# What to do
Retype word for word the stretch of entries below from the line that has "On a similar" through the line that has "Троянди в колбі", and omit the pictures.

# Exercise material
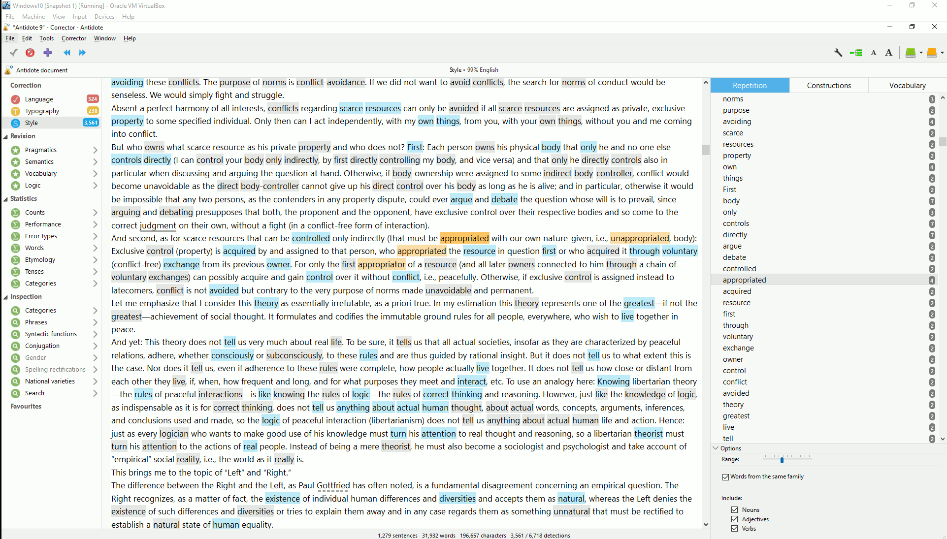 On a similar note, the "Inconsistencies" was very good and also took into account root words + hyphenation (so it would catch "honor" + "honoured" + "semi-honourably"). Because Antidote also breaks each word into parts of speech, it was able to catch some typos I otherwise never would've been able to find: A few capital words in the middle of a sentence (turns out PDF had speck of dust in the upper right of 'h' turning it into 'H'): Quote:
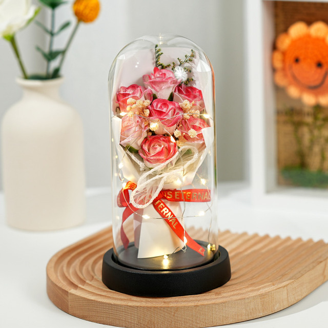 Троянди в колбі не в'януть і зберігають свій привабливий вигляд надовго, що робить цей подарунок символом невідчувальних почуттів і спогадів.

* * *

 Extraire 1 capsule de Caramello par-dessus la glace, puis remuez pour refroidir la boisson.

# Solution for this exercise
 On a similar note, the "Inconsistencies" was very good and also took into account root words + hyphenation (so it would catch "honor" + "honoured" + "semi-honourably"). Because Antidote also breaks each word into parts of speech, it was able to catch some typos I otherwise never would've been able to find: A few capital words in the middle of a sentence (turns out PDF had speck of dust in the upper right of 'h' turning it into 'H'): Quote:
 Троянди в колбі не в'януть і зберігають свій привабливий вигляд надовго, що робить цей подарунок символом невідчувальних почуттів і спогадів.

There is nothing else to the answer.